But I think an equally interesting possibility is to use the framework to wrap headless applications; which is to say, ones that have no GUI (graphical user interface).

To this end, I have been exploring using anywidget as a wrapper for WASM applications that are often installed “on the command line” and then accessed via a Python wrapper. For example, in the world of databases, packages such as sqlalchemy provide a way of connecting to, and working with, database services from within a Python environment. With Postgres now available in the browser as pglite, I have started to explore embedding it in a notebook environment using jupyter_anywidget_pglite. This widget:

  • loads the pglite application into the browser environment;
  • provides a headless API to it (with some limited support for DBAPI2 and SQLAlchemy style connections).

As another example, pygraphviz provides a Python wrapper for the Graphviz C application. But Graphviz is also available as a WASM package, so we can wrap it as an anywidget (for example, jupyter_anywidget_graphviz), and then use it in web-based Python notebooks.

One of the main differences between the common “wrap a JS GUI anywidget” and “create a headless anywidget” is than in the headless, function calling usage style, we often require blocking behaviour; which is to say, when we call the application, we may need to wait some time for it to respond: w.waitTillReady(), w.waitTillFinished(). (Either that, or we need to be able to set up a handler to an event that is raised when the application has completed its action.)

In a “full” IPython environment, we can use jupyter-ui-poll to support this sort of behaviour, but in JupyterLite environments, for example, this behaviour is not supported. (I think it should be supportable in Marimo notebooks, but I think the “patterns” I’ve been using for my headless anywidgets to date are not ideal in that environment, though the widgets do work to a limited extent. Starting from scratch and looking at building a version of one of the widgets for marimo as the intended first-class host might be a useful thing to do… It would also be interesting looking at building something for Quarto-Live as the first-class user environment. And then seeing if there are some robust design principles / code patterns that work across all those enviornments and use cases.

So why is this interesting? For me, the main reason is because it provides a relatively natural way for packaging and installing applications that would otherwise be installed on the command-line and then called using a Python wrapper, to “installing” them into the browser runtime environment. That is, using the browser environment even more like the operating system environment by “installing” applications to it as WASM applications and then calling them via a headless anywidget-style wrapper.

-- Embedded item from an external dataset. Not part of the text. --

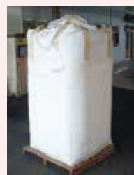
フレキシブル コンテナバック

Also note that it’s not just WASM powered applications or services we might want to call; we might also want to use packages from other languages in our web-based Python environment. For example, turfjs provides a handy geo toolkit in Typescript, and gdal3.js implements a load of geo-tools that are often hard to install on the desktop. Tesseract.js, pdf.js and pandoc-wasm offer dcoument conversion, rendering and text extraction services (see for example my demos: jupyter_anywidget_tesseract_pdfjs and jupyter_anywidget_pandoc, whisper can run in the browser to offer speech to text services, webr could perhaps be co-opted by a WASM-calling variant of rpy2 to execute R code, and vice versa in an R anyhtmlwidget context (R calling Python) using a WASM-calling variant of reticulate. As for LLMs running in the browser, we could also wrap those (for example, jupyter_anywidget_webllm).

User environments such as JuptyerLite and Marimo can already use browser storage to provide some sort of in-browser file system, and things like the jupyter-offlinenotebook extension provide a way of saving and retrieving notebooks from a Jupyter environment using browser storage. (I also note jupyterlab-browser-storage but I’m not sure what it’s intended to do? While I’m on this topic, there are also a couple of Jupyter extensions offering filesystem access: jupyter-fs and jupyterlab-filesystem-access.)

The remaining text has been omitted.